Light emitting device package {LIGHT EMITTING DEVICE PACKAGE}

The present disclosure relates to a light emitting device package.

Light emitting diodes (LEDs) are a type of semiconductor device that converts electrical energy into light. The light emitting diode has advantages of low power consumption, semi-permanent life, fast response speed, safety and environmental friendliness compared to conventional light sources such as fluorescent and incandescent lamps.

Accordingly, many researches have been conducted to replace the existing light source with light emitting diodes, and the use of light emitting diodes as a light source for lighting devices such as various lamps, liquid crystal displays, electronic signs, and street lamps that are used indoors and outdoors is increasing. to be.

The embodiment provides a light emitting device package capable of reducing chromatic aberration.

The light emitting device package according to the embodiment includes a body having a cavity; A light emitting element located in the cavity; And a lens positioned on the body, the lens including a first portion having a positive curvature and a second portion having a negative curvature. The first portion corresponds to the central portion of the lens, and the second portion is formed adjacent to the body.

In the light emitting device package according to the present exemplary embodiment, the second portion corresponding to the peripheral portion of the lens may be formed into a concave lens shape having a negative curvature, which may be caused by a difference in refractive index at different wavelengths of light at the peripheral portion of the lens. Chromatic aberration can be reduced.

In this case, the chromatic aberration may be further reduced by installing an auxiliary lens having a larger refractive index than the lens in the second portion.

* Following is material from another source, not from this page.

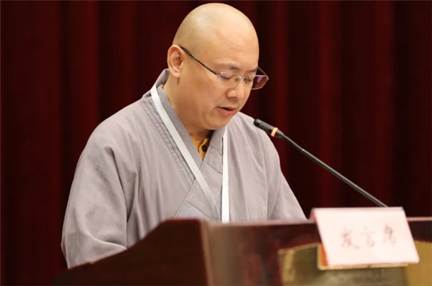 ▲圆藏法师受妙安会长委托作《合肥市佛教协会第三届理事会工作报告 (草案)》

1 is a perspective view of a light emitting device package according to a first embodiment.
FIG. 2 is a cross-sectional view taken along the line II-II of FIG. 1.
3 is a cross-sectional view of a light emitting device package according to a second embodiment.
4 is a perspective view of an auxiliary lens of a light emitting device package according to a second embodiment.
5 is a cross-sectional view of a light emitting device package according to a modification of the second embodiment.
6 is a view illustrating a backlight unit including a light emitting device package according to an embodiment.
7 is a view illustrating a lighting unit including a light emitting device package according to an embodiment.

In the description of embodiments, each layer, region, pattern, or structure may be “on” or “under” the substrate, each layer, region, pad, or pattern. Substrate formed in ”includes all formed directly or through another layer. Criteria for the top / bottom or bottom / bottom of each layer will be described with reference to the drawings.

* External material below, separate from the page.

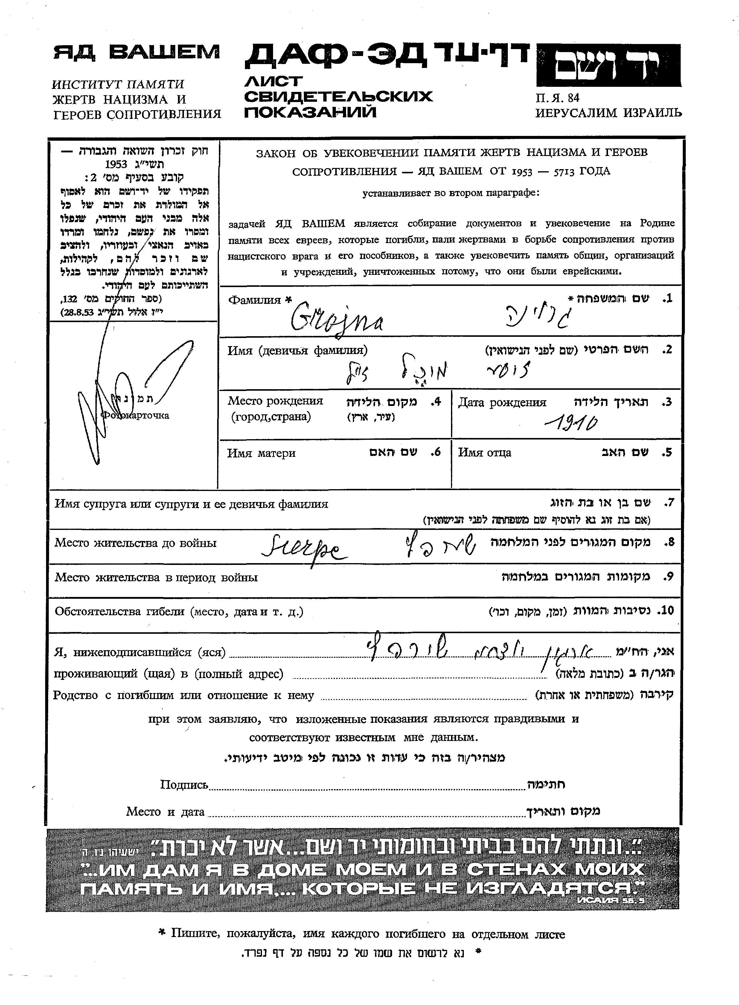 Zise Mikhel Grojna wurde im Jahr 1910 geboren. Vor dem Zweiten Weltkrieg lebte sie in Sierpc, Polen.

The thickness or the size of each layer (film), region, pattern or structure in the drawings may be modified for clarity and convenience of explanation, and thus does not entirely reflect the actual size.

Hereinafter, embodiments of the present invention will be described in detail with reference to the accompanying drawings.

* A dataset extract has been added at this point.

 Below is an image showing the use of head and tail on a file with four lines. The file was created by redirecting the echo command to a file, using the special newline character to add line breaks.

1 is a perspective view of a light emitting device package according to a first embodiment, and FIG. 2 is a cross-sectional view taken along the line II-II of FIG. 1.

1 and 2, the light emitting device package 100 according to the present exemplary embodiment may include a body 10 having a cavity 20, a light emitting device 50 located in the cavity 20, and a light emitting device ( The first electrode 41 and the second electrode 42 electrically connected to the 50, the molding member 60 surrounding the light emitting element 50 in the cavity 20, and a lens located on the light emitting element 50 ( 70).

This will be described in more detail as follows.

The body 10 may be formed of a resin such as polyphthalamide (PPA), liquid crystal polymer (LCP), polyamide 9T (polyamid9T, PA9T), metal, photo sensitive glass, sapphire (Al). ₂ O ₃ ), a ceramic, a printed circuit board (PCB), and the like. However, the present embodiment is not limited to these materials.

The body 10 may have various shapes according to the use and design of the light emitting device package 100. For example, the planar shape of the body 10 may have various shapes such as a rectangle and a circle.

The body 10 is formed with a cavity 20 that is open at the top. In the drawing, the planar shape of the cavity 20 is illustrated in a circle, but is not limited thereto. Therefore, the cavity 20 may have a planar shape having a polygonal shape including a quadrangle.

Sides of the cavity 20 may be perpendicular or inclined to the bottom surface of the cavity 20. When the cavity 20 has an inclined side surface, an angle A formed between the side surface and the bottom surface of the cavity 20 may be 100 degrees to 170 degrees. At this time, the angle A is set to 120 degrees or more, so that the light emitted from the light emitting element 50 can be well reflected.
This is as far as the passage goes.